Instructions to follow:
Reproduce exactly only the lines from the line that holds "Maisto 2002 Dodge" to the line that holds "Hessen Bensheim a.", inclusive, in the listing below, and please leave out every picture.

Given records:
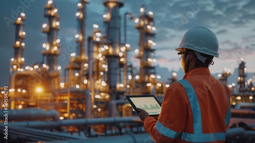 Industrial tech master overseeing with a white safety helmet in front of an oil refinery. Petrochemical gas industry zone. Oil storage tanks and pipelines. Worker in the refinery. ai generative
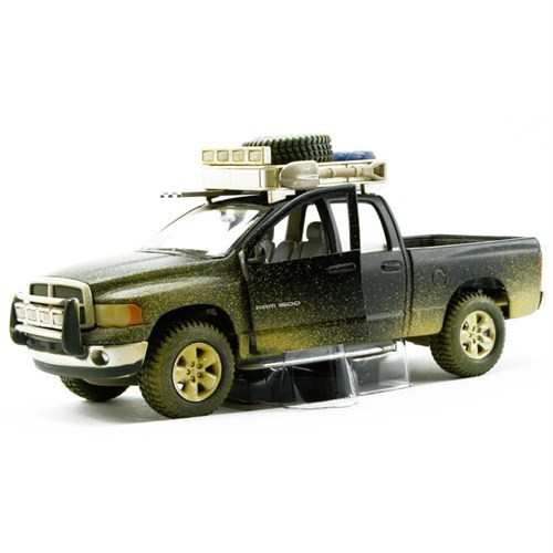 Maisto 2002 Dodge Ram Quad Cam 1:24 Dirt Riders, metal gövde ve plastik parçalardan üretilmiştir.
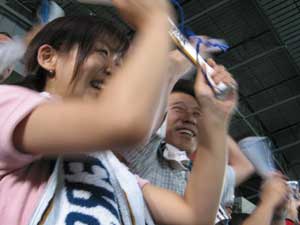 4回裏。逆転満塁ホームランを打った新庄に声援を送るチェロ奏者とホルン奏者。点数が入ったら、その選手の応援歌を歌い、♪おーいおーい北海道〜〜〜、の歌を振り付きで歌うのが作法のようでした。もちろん私も歌いました。作法は大切ですからね。
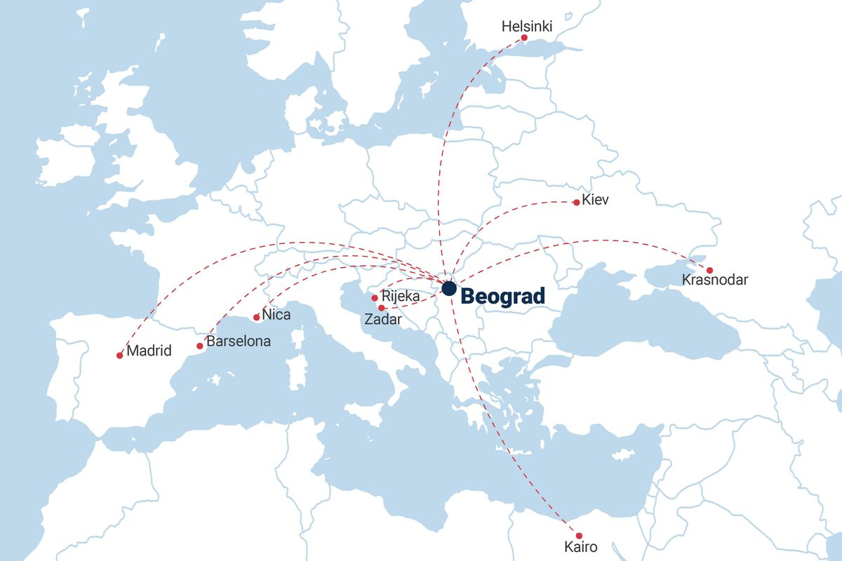 Er Srbija, nacionalna avio-kompanija Republike Srbije, od juna 2019. godine uvešće redovne direktne letove tokom cele godine ka sedam novih destinacija – Kijev, Madrid, Barselonu, Rijeku, Krasnodar, Helsinki i Kairo, kao i dve sezonske linije za Nicu i Zadar.
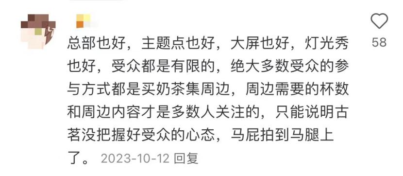 除此之外,在小红书上搜索古茗,近期出现的较多的争议内容是,古茗在推出联名产品时,设定了一次需要消费4杯、总共购买10杯以后,才能得到周边。这一玩法规定让许多消费者不满。一位小红书网友表示,“周边需要的杯数和周边内容才是多数人关注的,只能说明古茗没把握好受众的心态,马屁拍到马腿上。”
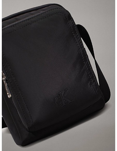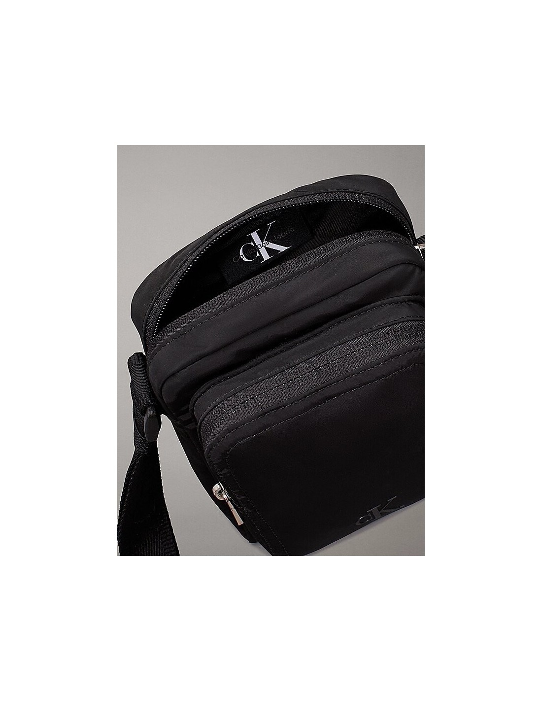 El exterior del bolso reporter está elaborado con un 100 % de poliéster reciclado, sin incluir los adornos. El poliéster reciclado incluido en este producto fue creado a partir del reprocesamiento de materiales ya existentes.
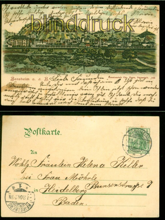 Hessen Bensheim a. d. B. farb-AK Gesamtansicht 1904 nach Heidelberg Karte gelaufen aus Bensheim 7.3.1904 nach Heidelberg Erhaltung siehe Scan
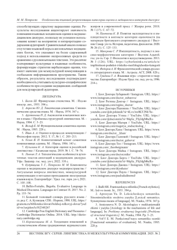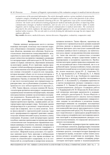 Статья посвящена анализу репрезентации оценочности в медицинском интернет-дискурсе на примере русско- и англоязычных медицинских блогов. Основная цель исследования заключается в выявлении методов идентификации эксплицитных и имплицитных средств выражения оценочности, их функционального назначения и способов воздействия на восприятие медицинской информации адресатами. Работа актуализируется отсутствием исследований категории оценки в медиамедицинском дискурсе. Исследование опирается на качественный и количественный анализ контента медицинских блогов. В методологическом аспекте используются описательный, типологический и типолого-сравнительный методы лингвистического анализа, методы контент-анализа и дискурс-анализа, что позволяет глубоко изучить репрезентацию оценочных единиц и контекст их применения. Это дает возможность идентифицировать ключевые стратегии коммуникации, применяемые в медицинском интернет-пространстве. Результаты работы показывают, что медицинские блогеры активно используют оценочные единицы для формирования доверительных отношений с аудиторией и повышения убедительности представляемой информации. В статье подробно анализируются различные способы выражения категории оценки, включая использование эксплицитной и имплицитной оценки, а также их функции в контексте информационной наполненности и эмоциональной окраски текста. Область применения результатов исследования весьма обширна: его результаты могут быть использованы в обучающих программах для медицинских и медиаспециалистов, в улучшении стратегий онлайн-коммуникации медицинских учреждений, а также служить основой для дальнейших исследований в области медиалингвистики, а также обучающих курсах по коммуникации «врач-пациент» в медицинских вузах. Выводы, представленные в статье, подчеркивают значимость осмысленного подхода к использованию оценочной лексики в медицинских интернет-ресурсах. Это помогает не только правильно формировать информационное сообщение, но и воздействовать на аудиторию.

Exercise response:
 Maisto 2002 Dodge Ram Quad Cam 1:24 Dirt Riders, metal gövde ve plastik parçalardan üretilmiştir.
 4回裏。逆転満塁ホームランを打った新庄に声援を送るチェロ奏者とホルン奏者。点数が入ったら、その選手の応援歌を歌い、♪おーいおーい北海道〜〜〜、の歌を振り付きで歌うのが作法のようでした。もちろん私も歌いました。作法は大切ですからね。
 Er Srbija, nacionalna avio-kompanija Republike Srbije, od juna 2019. godine uvešće redovne direktne letove tokom cele godine ka sedam novih destinacija – Kijev, Madrid, Barselonu, Rijeku, Krasnodar, Helsinki i Kairo, kao i dve sezonske linije za Nicu i Zadar.
 除此之外,在小红书上搜索古茗,近期出现的较多的争议内容是,古茗在推出联名产品时,设定了一次需要消费4杯、总共购买10杯以后,才能得到周边。这一玩法规定让许多消费者不满。一位小红书网友表示,“周边需要的杯数和周边内容才是多数人关注的,只能说明古茗没把握好受众的心态,马屁拍到马腿上。”
 El exterior del bolso reporter está elaborado con un 100 % de poliéster reciclado, sin incluir los adornos. El poliéster reciclado incluido en este producto fue creado a partir del reprocesamiento de materiales ya existentes.
 Hessen Bensheim a. d. B. farb-AK Gesamtansicht 1904 nach Heidelberg Karte gelaufen aus Bensheim 7.3.1904 nach Heidelberg Erhaltung siehe Scan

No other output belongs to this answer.